Le vin mentionné en titre, tire son nom de l'altitude (420 mètres) à laquelle se trouve le vignoble ayant fourni les raisins nécessaires à son élaboration. Les vignes sont âgées d'environ 40 ans et l'on n'en retire qu'un faible rendement de 38 hectolitres par hectare. La vendange est manuelle et l'éraflage total.  Le vin n'a pas connu le bois. La cuvaison est de 20 jours sous contrôle des températures dans des chais climatisés. Élevage en cuves inox.

Ce vin est en quelque sorte le "petit frère" du vin Référence du même producteur, que nous avons analysé ici même au mois d'octobre dernier (voir ici).
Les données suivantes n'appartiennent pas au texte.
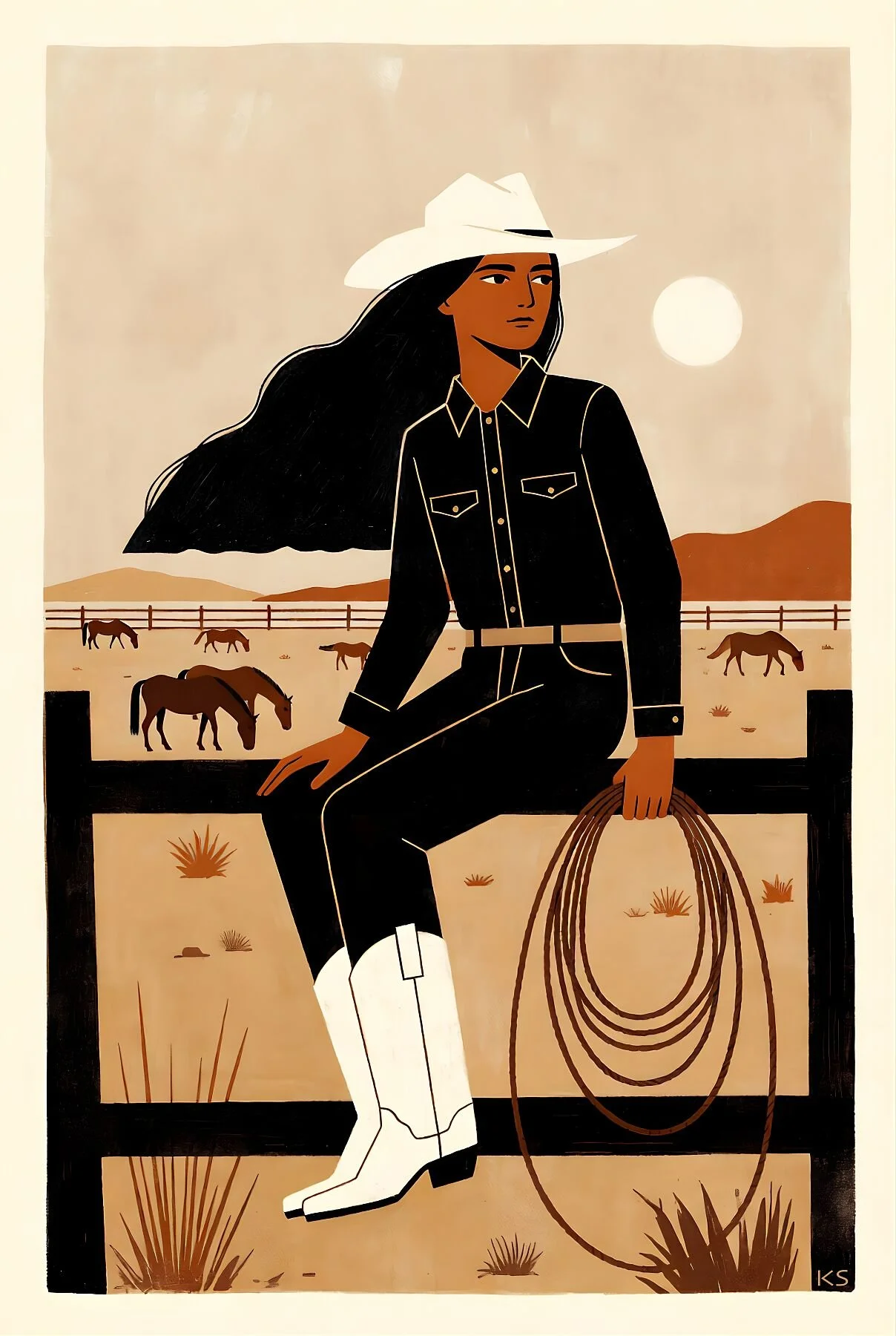 A minimalist Western folk illustration of a dark-haired rider dressed in black, seated calmly on a ranch fence with a coiled lasso resting in her hand. Behind her, horses wander through the quiet desert pasture beneath a pale sun.

Carré d'agneau, jus au fines herbes

Notes de dégustation:

Ce vin se présente avec une robe rouge rubis légèrement violacée; on est vraiment dans le Rhône ici, avec ce nez de violette, de cassis, de mûre, de cuir et de réglisse; la bouche est souple et rempli de goûts de fruits rouges et noirs bien mûrs; une petite amertume vient rafraîchir l'ensemble; bonne persistance gustative; ne pas servir trop chaud; pour maintenant ou d'ici 2 à 4 ans; idéal avec les plats de viandes grillées ou mijotées, l'agneau et les fromages doux et moyennement relevés.


mardi 30 juin 2015

Vinho Verde, Aveleda, Minho, 2014 Portugal


Cépages:  Loureiro, Trajadura, Arinto
Code #:     5322
Prix:          11,95$
Alcool:      9,5%
Sucre:       14 gr/litre
Servir:      7-8° Celsius

Les vins de Vinho Verde que personnellement je préfère sont ceux entièrement élaboré avec le cépage Loureiro. Mais ils coûtent au moins 18-20$.

Celui-ci est composé de trois cépages autochtones portugais. Je dois dire qu'il s'est selon moi beaucoup amélioré au cours des dernières années. Il possède 14 grammes de sucre résiduel mais on ne les "sent" pour ainsi dire pas parce l'acidité de ce vin est suffisante pour en gommer la sensation.

Il est produit par la maison Aveleda qui a été fondée en 1870, toujours sous l'entier contrôle de la famille Guedes qui en est rendue à la 5è génération à la tête de cette entreprise.

Bien que l'on peut considérer ce vin comme un apéritif idéal, son contraste acidité-sucrosité lui permet d'accompagner  les mets  épicés asiatiques ou indiens, la plupart des fruits de mer, les plats où le citron, la lime, les agrumes et la coriandre sont présents.

Salade Thaïe épicée aux crevettes, pousses de bambou et mandarines

Notes de dégustation:

Un vin légèrement perlant et à la robe claire et citrine; arômes floraux et de pomme verte, de lime, d'agrumes et de poire. La bouche est vive mais l'acidité est bien dosée. De corps léger (9,5% d'alcool), ce vin se révèle très rafraîchissant. Il sera certes utile pour éteindre le feu des épices de certains plats. L'équilibre est préservée et il est plaisant à boire. Le plus beau de l'affaire, c'est qu'il ne coûte pas trop cher. Un petit plaisir de l'été dont il ne faut pas se priver.